§ Data below
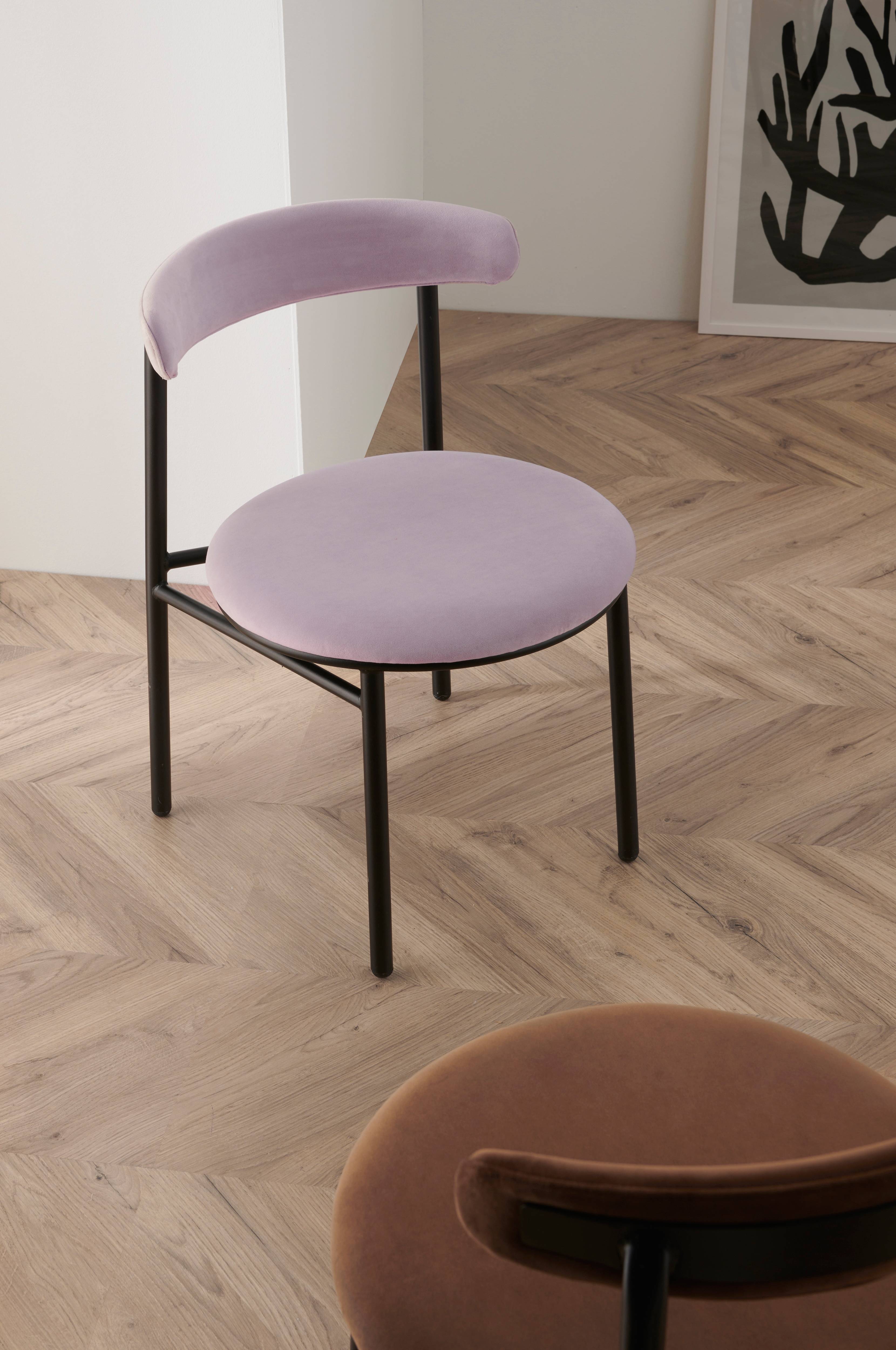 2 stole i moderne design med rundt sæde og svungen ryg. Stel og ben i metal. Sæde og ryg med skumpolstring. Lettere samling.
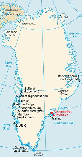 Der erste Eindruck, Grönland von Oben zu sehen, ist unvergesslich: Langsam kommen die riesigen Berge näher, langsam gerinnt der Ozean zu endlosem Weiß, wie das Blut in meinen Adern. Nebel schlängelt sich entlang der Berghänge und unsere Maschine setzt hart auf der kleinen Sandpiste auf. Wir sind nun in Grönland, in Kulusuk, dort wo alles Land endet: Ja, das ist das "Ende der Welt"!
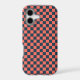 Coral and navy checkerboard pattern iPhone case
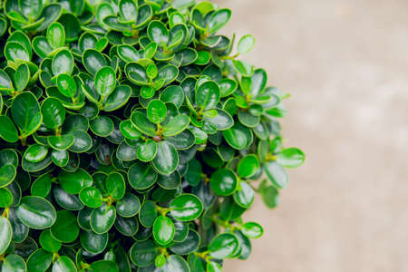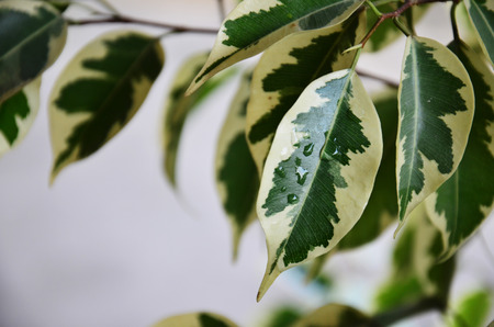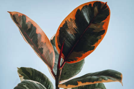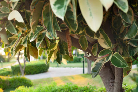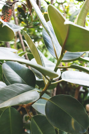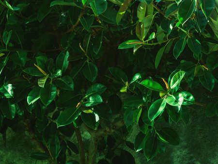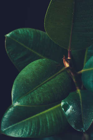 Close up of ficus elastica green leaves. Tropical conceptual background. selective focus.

§ Work to complete
Excluding the images, copy all of the material above verbatim.

§ Answer section
 2 stole i moderne design med rundt sæde og svungen ryg. Stel og ben i metal. Sæde og ryg med skumpolstring. Lettere samling.
 Der erste Eindruck, Grönland von Oben zu sehen, ist unvergesslich: Langsam kommen die riesigen Berge näher, langsam gerinnt der Ozean zu endlosem Weiß, wie das Blut in meinen Adern. Nebel schlängelt sich entlang der Berghänge und unsere Maschine setzt hart auf der kleinen Sandpiste auf. Wir sind nun in Grönland, in Kulusuk, dort wo alles Land endet: Ja, das ist das "Ende der Welt"!
 Coral and navy checkerboard pattern iPhone case
 Close up of ficus elastica green leaves. Tropical conceptual background. selective focus.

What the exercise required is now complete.